On FMCG
- LTM Margin is 6.1%
- HUL is at 22%, Nestle is at 19%, PGHH at 18%, Colgate at 26%, and Gillette at 19%
- Marico at 17%, Britannia at 15%, Dabur at 17% and Godrej at 17%
But ITC is a new player and doesn’t have scale –
ITC is not a new player in FMCG and has been around for a very long time – Aashirwaad was launched in 2002.
ITC Others FMCG sales for LTM are 18000cr – larger than all of those companies other than Hindustan Unilever.
But ITC is investing for growth –
FY17-FY22 growth was 8.7% growth (but Covid…)

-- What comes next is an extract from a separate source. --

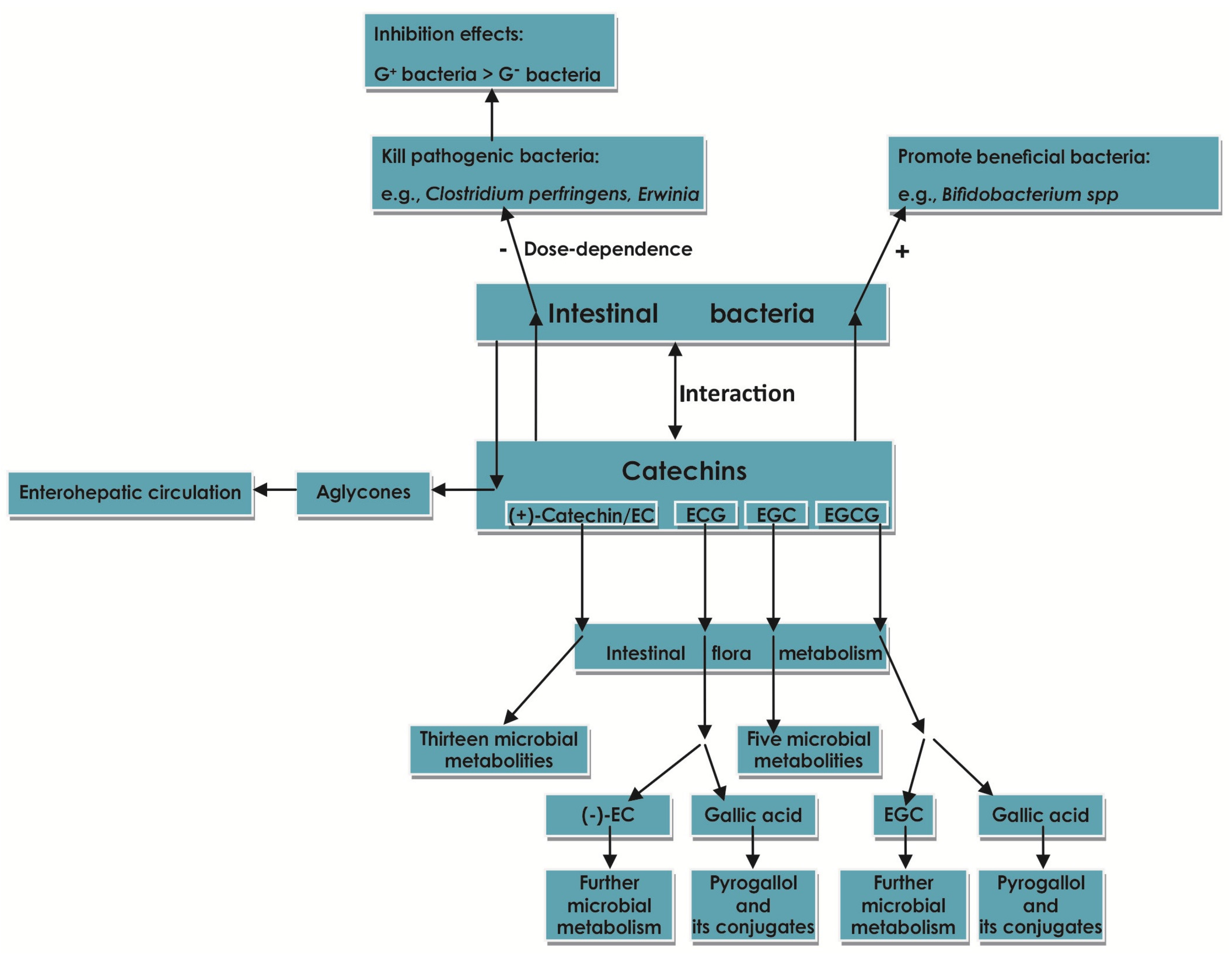The toxicity of catechin, which has many diastereoisomers like EC and ECG, to bacteria membranes, extracellular proteins, DNA, and morphology was analyzed by Fathima et al., using Gram-positive bacteria (B. subtilis) and Gram-negative bacteria (E. coli). It was demonstrated that catechin could benefit bacteria in a dose of about 10 μM in B. subtilis and about 12 μM in E. coli. If the concentration was higher than that, catechin possessed a negative function on bacteria through the oxidative damage resulting in the change in membrane permeabilization and membrane liposomes [36]. This conclusion shows that catechin has a dual function that both benefits and harms to bacteria in a dose-dependent manner, which is consistent with a previous study. The authors also revealed that the inhibition of catechin against bacteria was more obvious in the Gram-positive bacteria (B. subtilis) than Gram-negative bacteria (E. coli) in all of the permeabilization changes, DNA damage, and stress protein expression [36]. Catechins have a stronger affinity to the peptidoglycan of Gram-positive bacteria than the negatively-charged liopolysaccharides in the membrane of Gram-negative bacteria, resulting in greater permeation, absorption of catechins, and more injury to the cell membrane in Gram-positive bacteria [129,130]. Additionally, catechins can cut the supercoiled DNA into open linear or circular DNA, acting like restriction enzymes in B. subtilis DNA, but not in E. coli DNA. The extracellular proteins can also be elevated in B. subtilis than E. coli when both are treated with catechin [36]. In addition, polyphenols can influence gut microbiota, and the gut microbiota can also have an influence on the polyphenols (Figure 8), such as cleaving it to be a kind of energy foundation, especially for bacteroidetes. This may be one of the reasons for the change in intestinal microbiota [35].
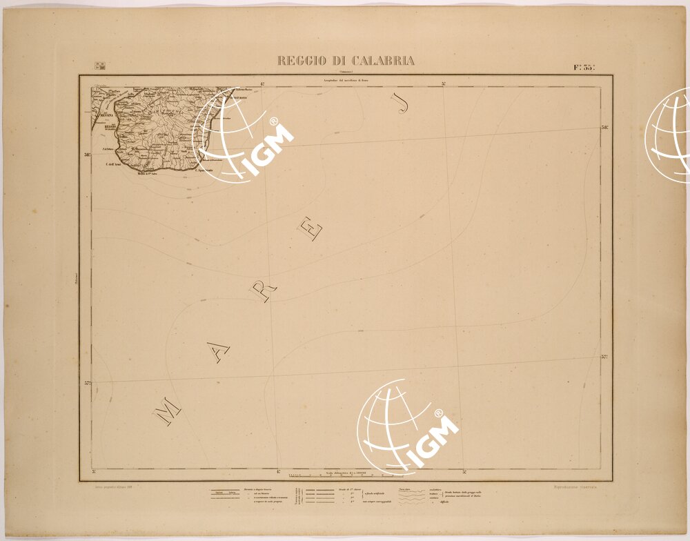 CARTA COROGRAFICA DEL REGNO D’ITALIA E DELLE REGIONI ADIACENTI FOGLIO 35 REGGIO CALABRIA

If I compare FY18 to FY23 (9M Ann.), growth is 10.7%
The median company in the comp set grew sales at 10% with an average EBITDA Margin of 22% and a ROCE of 50%.
I take EBITDA because i think OPM in screener refers to the EBITDA margin. ITC’s 5yr EBITDA margin is closer to sub 5%
But ITC doesn’t have MNC decades-old brands and parent’s R&D + A&P –
MNCs pay a royalty to the parent for that privilege (and that is already deducted in the margin above)
The Indian Cos don’t have those advantages and the margins are pretty high.
But you exclude Adani Wilmar –
AWL is primarily an edible oils business (I think edible oils generates all the profits and is inherently a low-margin business)
It is growing much faster with an aggressive strategy (like most other Adani cos) and diversifying rapidly.
To conclude,
No, I do not think FMCG is some wunderkind where management has batted a century.
Maybe the terminal scaled margins of ITC FMCG are lower than the others, but not 10%, I think the potential could very well be in the mid-teens.